И еще раз помянул «доннер-веттер», увидев яичко- горизонтальку, скатившуюся к соседней черте вплотную. Или, наоборот, ухмыльнулся, догадкой своей довольный, если и не было этой горизонтальки на карте, наспех топографами уточненной на чужой местности в ходе боев.
Есть такой способ стрельбы у артиллеристов. Доступный лишь асам — лучшим из командиров даже и корпусных батарей. Раньше я про лягух рассказал — вроде того и здесь. Разница в том, что не легонькая лягуха, а чушка в полцентнера рвется над головами с немыслимым треском, в чем и моральный еще эффект.
Стрельба на рикошетах. Взрыватель ставят замедленный и траекторию выбирают настильную — угол встречи с землей небольшой. Снаряд в грунт уходит неглубоко и, просверлив в нем дугу, как крот, вновь вырывается в воздух. Физику помните? Масса земная выталкивает его. Тогда и взрыватель срабатывает, на высоте метров двух — пяти.
Смысл? Больше осколков убойных. На грунте до трети их в землю уходит, даже и при крутой траектории, выгодной для обычной стрельбы.
Ну а об остальном вы и сами, наверно, уж догадались. Конечно бы, интересно еще установку взрывателя для подтвержденья проверить. Но, повторяю, без надобности нельзя. Надобности же особой нету. Поскольку не так и важно, «обера» склон подвел или и не было «обера» вовсе в природе, а тот из запаса бухгалтер, не мудрствуя с разными там углами, пальнул на полном заряде, так что снаряд лег на склон плашмя и даже при установке взрывателя на «осколочный» в воздух обратно взвился, визжа.

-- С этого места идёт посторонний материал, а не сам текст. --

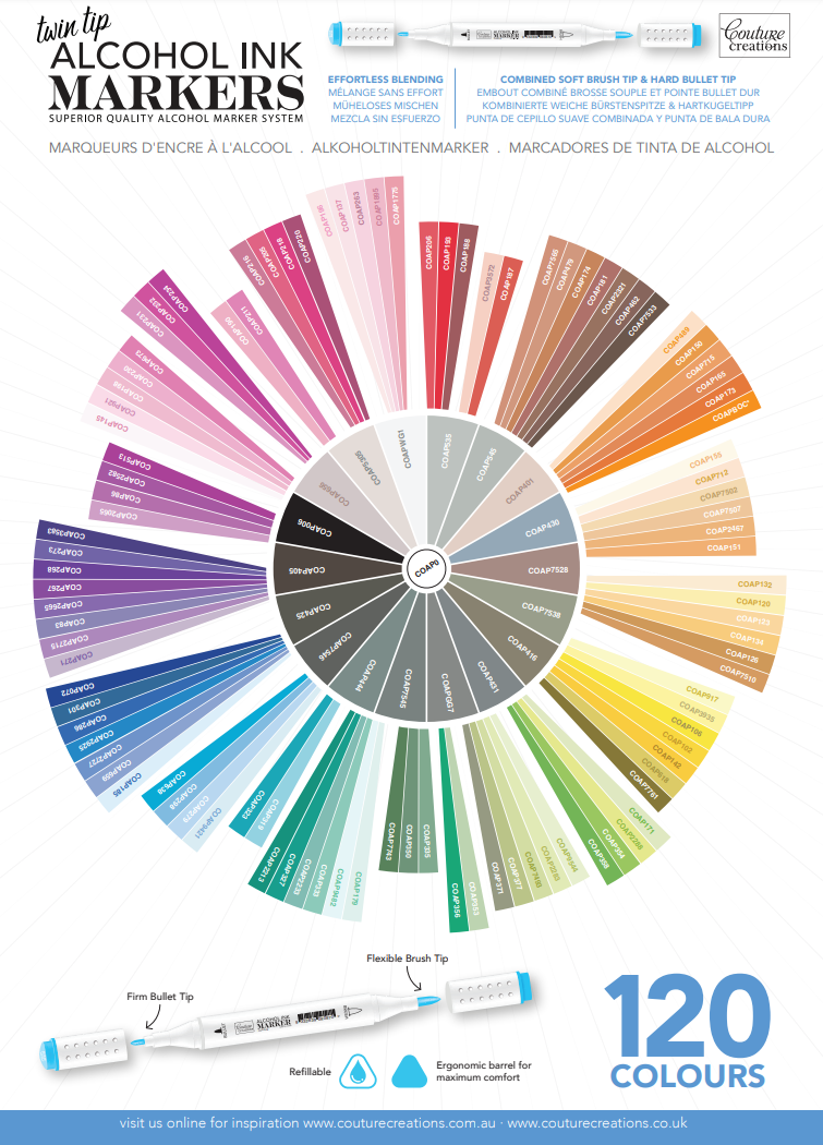 With a rounded triangle barrel to prevent rolling, a selection of 120 handpicked colours and tones and a twin tip design featuring a bullet tip at one end and a brush tip at the other, Couture Creations Twin Tip Alcohol Ink Markers are the perfect addition to your craft stash this year.
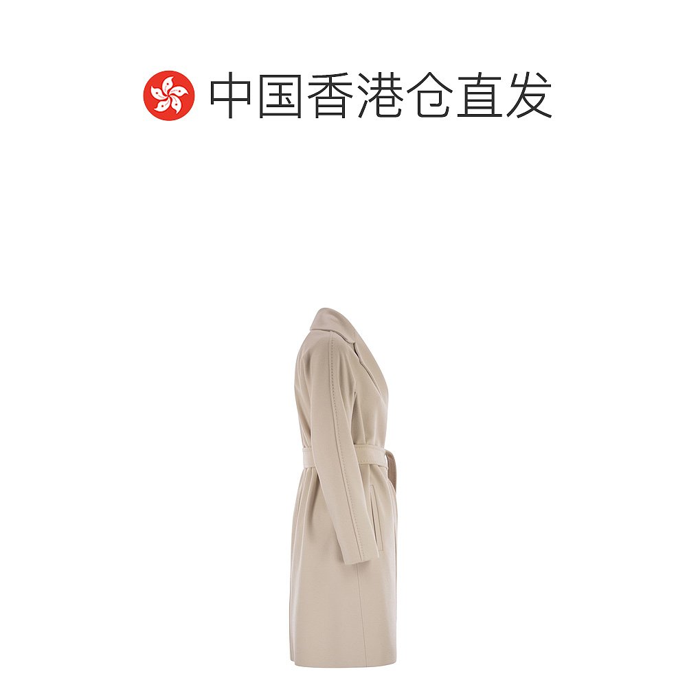 太平鸟大师甄绒系列西西里浴袍羊绒大衣女双面毛呢款 白色赫本风
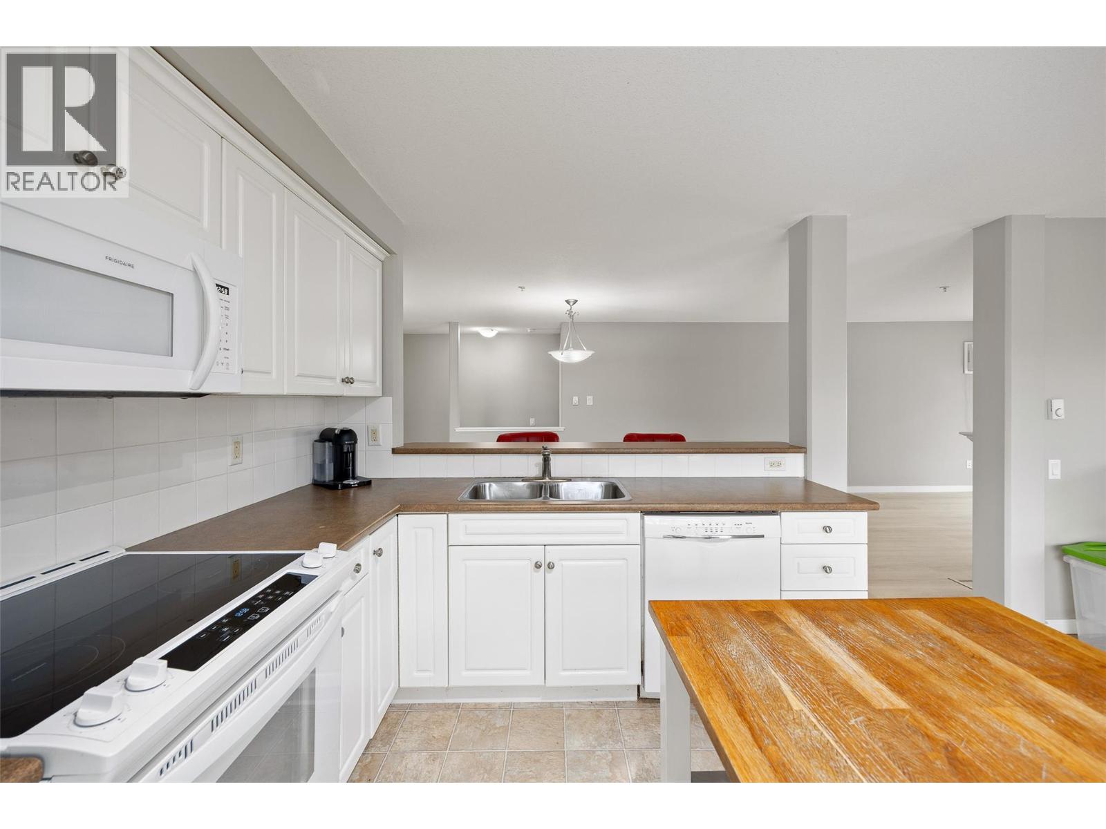 The Ultimate Lower Mission Lifestyle. This bright 2-bed corner unit in Wildwood Village is fully refreshed with new flooring, fresh paint, and updated appliances. The open-concept layout flows onto a massive wrap-around patio—perfect for entertaining. Enjoy a premier Okanagan location: steps to the beach, H2O Centre, golf courses, and wineries. Includes a cozy fireplace, A/C, underground parking, and a building guest suite. Modern, spacious, and move-in ready. Pet & Rental friendly. Truly a must-see! (id:62999)

Факт, что срикошетировал. Оттого и в сторонку глядит, как замечено было. Явление деривации вам известно? От вращения отклоняется вправо в полете снаряд. Ну а тем более, если земли коснется. Под углом вбок взмывает, как бы закручиваясь дугой.
Наш именно только коснулся. Центрующим утолщением по окаменевшей глине черкнул. И прыгнул сюда, в осоку. Улегся на долгие годы в ней.
Вот это с порядочной вероятностью можно принять за факты.
А вывод?
А что не все он свое получил. Хоть и по воздуху прилетел и расписку нам в том представил.
Второго удара не получил. И не взорвался — вполне законно. Остался ударник в нем на «зарубке» стоять.
Ну так, выходит, не так сейчас и опасен?
Вот в «сейчас» все и дело. Был бы не так. Но год-то сейчас какой? И не на складе он пролежал это время — под снегом, под проливными дождями. В половодье — и вовсе на дне озерка. Физику с вами вкратце мы повторили? Химии очередь подошла. Будь он и вовсе теперь без взрывателя, все равно от малейшей причины рвануть бы мог. Как бы еще не скорее, пожалуй. Доступ влаге в него сквозь отверстие был бы открыт. А значит, коррозия больше. Окислы же металла, вступая с тротилом в реакцию, образуют так называемые пикраты — вещества, по чувствительности не уступающие гремучей ртути.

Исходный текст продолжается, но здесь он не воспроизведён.